Originally Posted by ElkSlayer91
As usual, you demonstrate you are a pathetic mentally deranged cyber troll.
Been several decades since I took statistics.
Where is your homework?
Crickets.................

Originally Posted by antelope_sniper
The correct answer had already been provided so I saw no reason to duplicate the work.
I find it interesting how different you response is from that of Persian Dog:

Originally Posted by persiandog
you are right . my answer was wrong.


My response to iron bender, admitting I was wrong proves “beyond a shadow of a doubt”, you are a lying troll for using persiandog’s response in an attempt to say I wasn’t man enough to admit I was wrong. I was right from the beginning concerning the 16 denominator, but changed later to an 8, which was wrong too. I was over thinking it, and was tired. The 8 was wrong, but I did have the possible outcomes correct.
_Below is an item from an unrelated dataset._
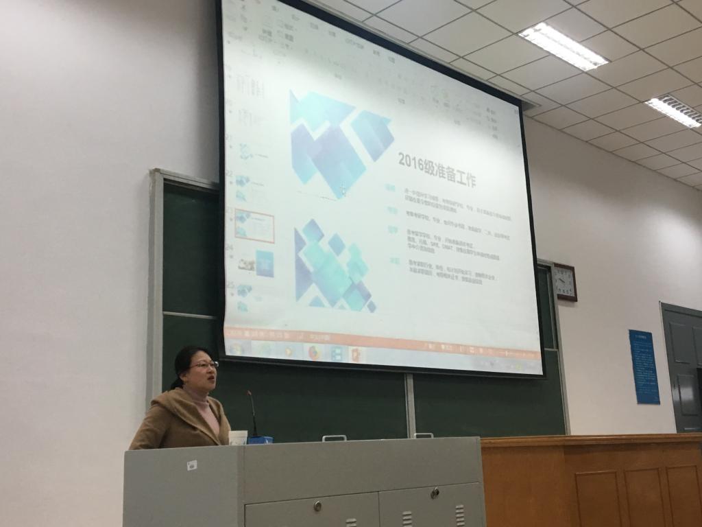 辅导员张春霞老师最后介绍2015级目前就业、留学、保研、考研情况,提醒2016级同学们要及早确定方向,及早开始准备。并继续提出辅导员午餐邀请,邀请对学习工作、未来规划有困惑的同学与辅导员共进午餐,为同学们答疑解惑。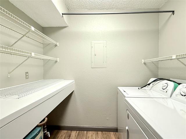 2-Bed, 2-Bath Condo in Gated Creekbend Subdivision Enjoy comfort and convenience in this well-maintained second-floor corner unit offering 1,006 sqft of living space, complete with 2 bedrooms, 2 full bathrooms, and a private balcony overlooking the pool area. Spacious split floor plan with pool views from every room. Wood-burning fireplace creates a cozy living space. Dedicated full-size laundry room located near the kitchen. Balcony storage for added convenience. Located in the gated Creekbend community, zoned for Richardson ISD. Access to 2 community pools and a tennis court. Conveniently located near Richland College, major highways, shopping, and dining.

That was the easy part. Math was my favorite subject all throughout my education. I always made “A”s the majority of the time.

Originally Posted by ElkSlayer91
Originally Posted by ironbender
Nope

Probability HAS to reduce to get more roosters. 4 roosters is not MORE likely than 2 or 3.

1/16 - 6.25% - 4 rooster
2/16 - 12.5% - 3 roosters
3/16 - 18.75% - 2 roosters
4/16 - 25% - 1 roosters

I believe you are right. I just need to work the formula out.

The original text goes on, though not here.